Diocese of Ely logo - The Church of England in Cambridgeshire & West Norfolk


Supporting Schools & Parishes




Garlands of joy and gladness

Click here for a powerpoint which can be used in the worship



Leader: We gather together in Jesus' Name

All: Help us to explore, discover and learn togethr


One of the lovely things about life in Southern India is that special visitors to schools or churches, or even factories, are given a shawl or a garland as a sign of welcome and honour. These garlands might be made out of lots of flowers and the perfume from these floral garlands is beautiful. They might be made mainly of pink roses or white jasmine, or even some other flower you don't recognise. These floral garlands don't last very long. By the end of the day they are beginning to fall apart and the flowers in them are turning brown. You can see garland makers stringing flowers together at the local markets and street stalls. Sometimes the garland is made of strands of silk tied together with beads. This sort of garland is very light to wear. Garlands can also be made of strings of beads smelling of sandalwood, decorated with gold thread and sequins. These types of garlands can be readily bought in local shops.

Because garlands are given to every special guest who comes, many groups of people find ways to make garlands with the resources that they have at hand.

If you go to the Devalois CSI school at Kasam, in the countryside near Vellore, you will be given a garland made of plastic jasmine flowers, beads and wool. These garlands are made by gypsies at a nearby encampment. Gypsies have been seen as one of the outcast groups in Indian society. Many of the gypsy children go to the school. Often they will be the first generation of gypsy children to be educated. The school give free lunches to the children, to encourage the parents to send their children. The school also wants to encourage and help the parents, so they buy the garlands that the gypsies have made to give to all special guests to the school.

If you go to the north of the diocese of Vellore, you might visit the Palamaner Women's Industrial School. This school is run by the diocese of Vellore to help teenagers of whatever faith, who have failed and dropped out of school. If a family is poor, and they need some help with the work, or the younger children, the girls will be taken out of school to work or help. Many girls do not get a proper education, and cannot pass their exams. But just think what happens if they don't pass their exams - they cannot get proper jobs and cannot bring any more money into the family. In India, after a girl has married, she usually goes to live with her husband's family. Parents arrange the marriage partner for their children. So poor parents of daughters without a proper education often want to get their daughters married quickly. They don't always worry what sort of man they have found for their daughter.
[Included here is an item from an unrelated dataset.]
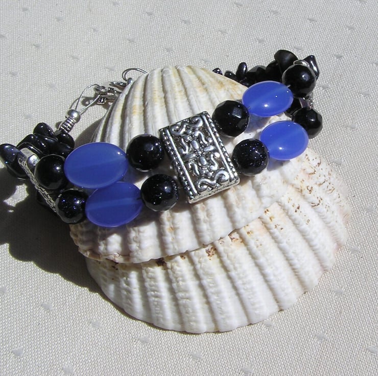 Blue Goldstone & Blue Jade Gemstone Bracelet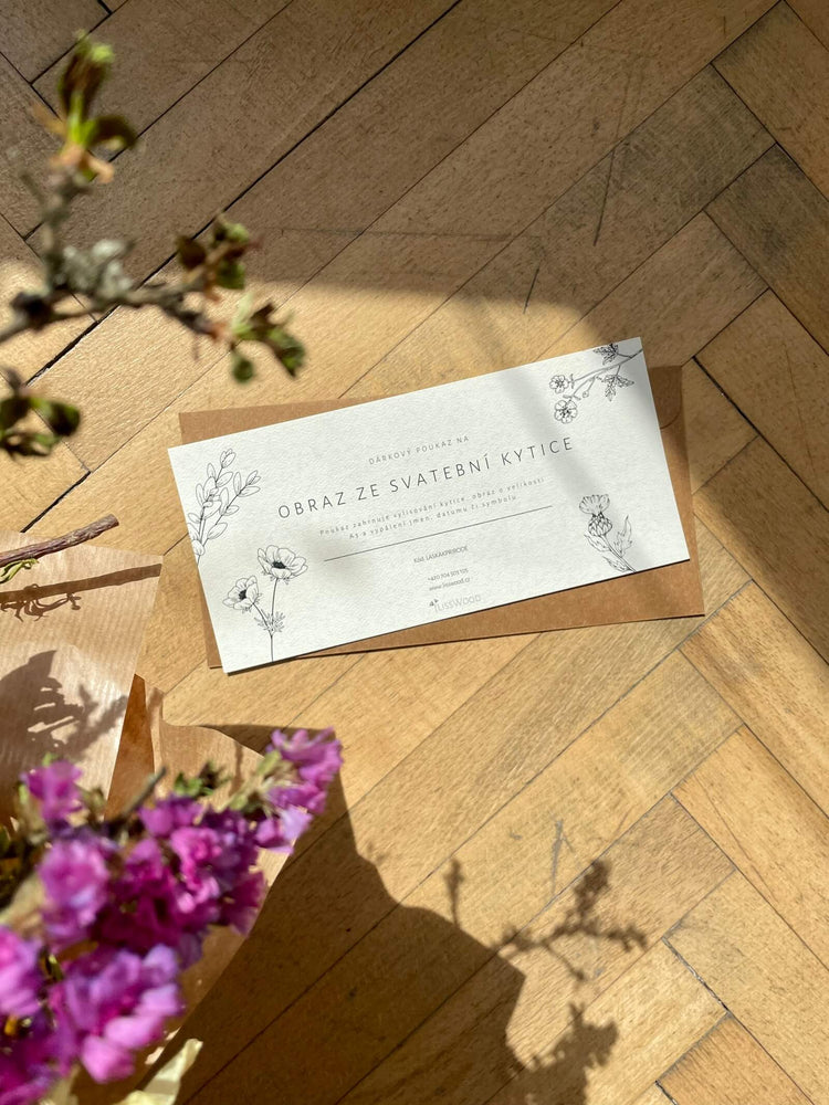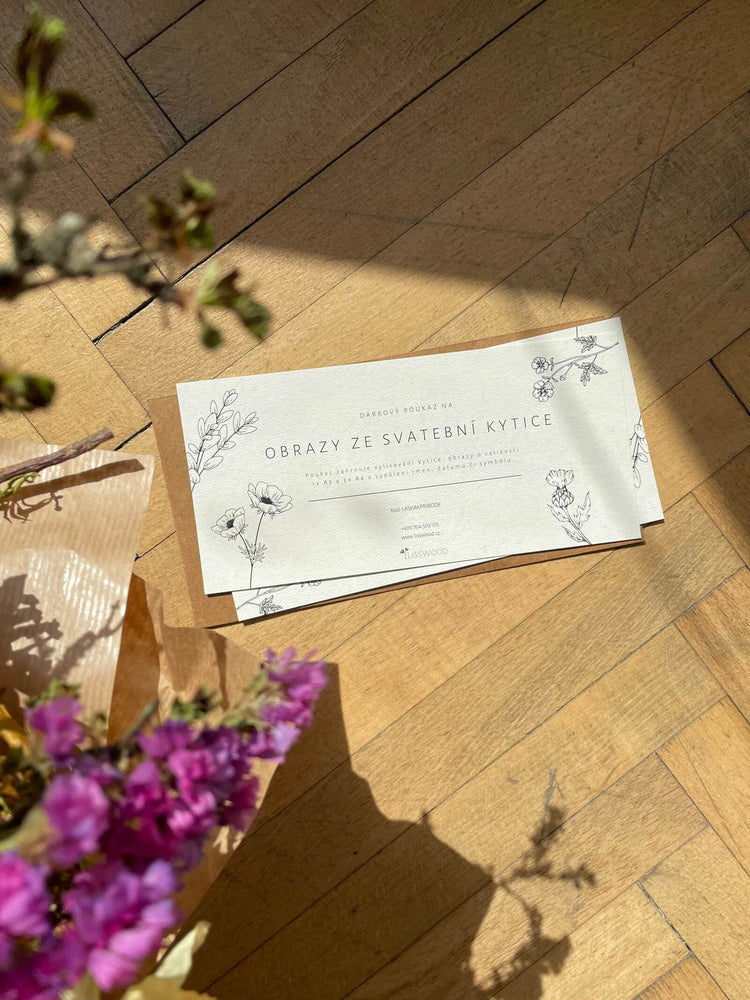 Jdete na svatbu a nevíte si rady se svatebním darem? Darujte náš poukaz na vylisování a zarámování svatební kytice. Je to velmi originální dar, který potěší každou ženu a vytvoří ji krásnou vzpomínku na její svatební den.

Palamaner Women's Industrial School takes these girls and trains them in sewing and embroidery. It also teaches them how to take care of animals and crops, how to manage their money, even how to build! When the girls leave the school they are given a sewing machine so that they can continue to do sewing and embroidery in their villages and earn money. If the girls bring some money into the family, their parents are a bit more careful about who they marry! Many of the girls have done so well that they have become sewing teachers, or are working in business. Whilst at the school, the girls make many beautiful embroidered objects which they sell to make money for the school. They also make garlands out of loops of plastic thread, which they give to visitors.

Throughout the diocese of Vellore, there are many other institutions and schools which are helping to change people's lives. These places are bringing hope to people who had no hope, and turning tears of sadness into tears of joy. Anyone in need is taken in, whether they come from Christian families or not. Everyone who goes to these schools, colleges, homes, training centres and so on hears the message of Jesus Christ at assemblies and daily prayers and Bible studies but there is no compulsion for them to become Christians.

The prophet Isaiah wrote to people who were suffering:

The spirit of the Lord God is upon me,
because the Lord has anointed me;
he has sent me to bring good news to the oppressed.
to bind up the brokenhearted,
...to give them a garland instead of ashes,
the oil of gladness instead of mourning,
the mantle of praise instead of a faint spirit. (Check it out: Isaiah 61: 1-3)

He promised them that God was going to bring them hope and happiness once again. The garlands that you are given when you visit these places prove that, even today, God brings hope and happiness into people's lives - giving them a garland of joy instead of the ashes of sadness, worry and fear.


Who are some of the people around us who are sad, or worried or afraid? Are there ways that we can help them, and change things?


There is an embroidered copy of St. Francis' prayer, made by the girls at Palamaneer on the powerpoint. Why not say it together now.

Lord, make me an instrument of your peace, 
Where there is hatred, let me sow love;
where there is injury, pardon;
where there is doubt, faith;
where there is despair, hope;
where there is darkness, light;
where there is sadness, joy;

O Divine Master, grant that I may not so much seek to be consoled as to console; 
to be understood as to understand; 
to be loved as to love.

For it is in giving that we receive; 
it is in pardoning that we are pardoned; 
and it is in dying that we are born to eternal life


Leader: Go in peace to discover God's world and your place in it.